When I was back trading OpenFund with a great team of good friends (one Matt Hougan included), we were playing on this and didn't even realize it at the time. In our way, we were investment theater: designed to catch the attention of a message-board obsessed market. If we launched today, we'd probably launch on TikTok. Please read that as contrite, not crowing.

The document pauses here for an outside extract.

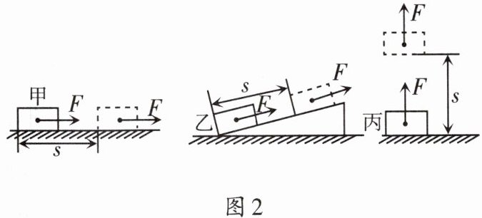 4. 现有甲、乙、丙三个质量不同的物体$ (m_{甲} > m_{乙} > m_{丙}) $,在相等的恒力$ F $作用下,分别在水平方向、沿斜面向上、竖直方向通过了相等的距离$ s $,如图2所示。$ F 在三种情况下做的功分别为 W_{甲} $、$ W_{乙} $、$ W_{丙} $,关于三者的大小关系,下列判断正确的是 (

That's what's new here. It's not that this generation of daytraders has invented day trading or learned how to use options for the first time or even swarmed a "story stock" (now we call them "meme stocks," I guess). What's new is that an entire generation of investors is locked at home with little to do and a set of services on their phone designed to funnel them into the most extreme, most dopamine-driving financial ideas.

So What? Big Deal

Gamestop will stop being a story. Market makers will start pricing out of the money options so outrageously expensively that eventually, the procyclical gamma trade will exhaust. But it would be a mistake to dismiss this as the craze of the moment. The herd -- which isn't a real group; it's a herd created by an algorithm -- will move on. When it does, just like Sea Shanty TikTok, it will move on with the semantic context of this entire event, along with the meme-focused content of the entire platform. When someone on /r/WallStreetBets talks about "tendies," they're drawing on literally 6 years of meme-content around "chicken tenders," in precisely the same way as someone who says they're a "Ben Graham Value Investor" is relying on not just one book but decades of interpretation to convey a huge amount of information in a few words.

This may not be a world you have any interest in exploring. But it's this shift in how information moves and is processed that is changing markets, and to deny its existence -- and it's seemingly inevitable rise to a kind of information delivery primacy -- is folly.